Ventilation industry professionals, claustrophiliacs and anyone who appreciated the obligatory crawling-through-service-ducts scene in 80s action films such as Aliens and Die Hard will be well chuffed by this confined sci-fi puzzle thriller, presumably released to sanction the return of the word “fiendish” in reviews. That word made more than the odd appearance in writeups of Vincenzo Natali’s 1997 film Cube – to which Meander, set almost entirely inside a series of shoulder-width vents filled with fiendish traps, bears more than a faint resemblance.Meander 2020 Movie Download.
There’s the briefest of preambles as woolly hatted Lisa (Gaia Weiss), lying on a wintry track with suicidal intentions, is picked up by gravel-voiced driver Adam (Peter Franzén). Their chat is turning existential when she realises, by the tattoo on his hand, that he is the escaped murderer the radio is talking about – and he attacks. Lisa wakes, to her disbelief, inside a small industrial space with perforated walls, and the only route out seems to be through a hatch giving on to the tightest of corridors. Of course, several feet farther down, the roof begins to close in.

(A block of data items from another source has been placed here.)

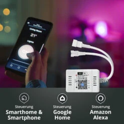 Die Steuerung des LED Streifens ist äußerst flexibel. Du kannst den Streifen mit einem WiFi Controller für digitale LED Streifen steuern und per App auf deinem Smartphone oder Tablet smart programmieren. Dies ermöglicht dir eine bequeme und intuitive Bedienung. Alternativ kannst du auch eine gewählte IR Fernbedienung verwenden, um den Streifen anzusteuern und die gewünschten Lichteffekte zu erzeugen.
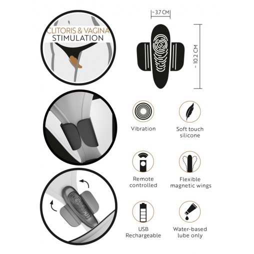 Neposredno stimulira klitoris in nožnico na intenziven način. 10 načinov vibriranja je mogoče enostavno prilagoditi z gumbom na daljinskem upravljalniku. Uporablja ga lahko tudi vaš partner in predigra se lahko začne kjerkoli in kadarkoli! Vibrator je izjemno diskreten, kar pomeni, da nihče ne bo vedel, da ga nosite in uporabljate!
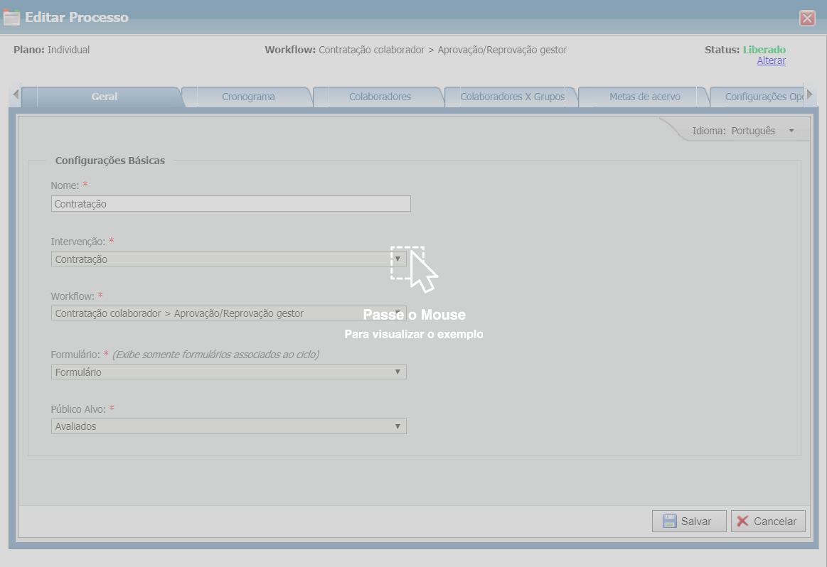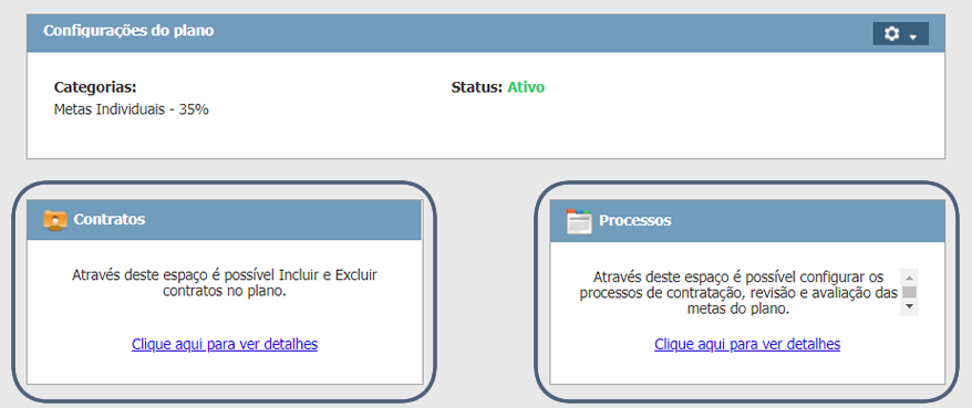 Através deste é possível configurar os processos de contratação, e realizar revisões e avaliações das metas do plano.

Despite a title more suited to a film about long walks in a park with a mate, Meander’s basic rat-in-a-maze premise has an innate tension almost impossible to squander – even when the traps, as here, are a touch on the unimaginative side. The rat in this case, Weiss, is a lithe former ballet dancer who relishes the role’s physicality but she also – reminiscent of Noomi Rapace – combines it with a soulful pathos that she exploits well in her many closeups. It’s a shame that the inner turmoil being forced to the surface in this pressure cooker is a tacked-on subplot about her dead daughter that feels more of a hassle than the singed troglodyte pursuing her.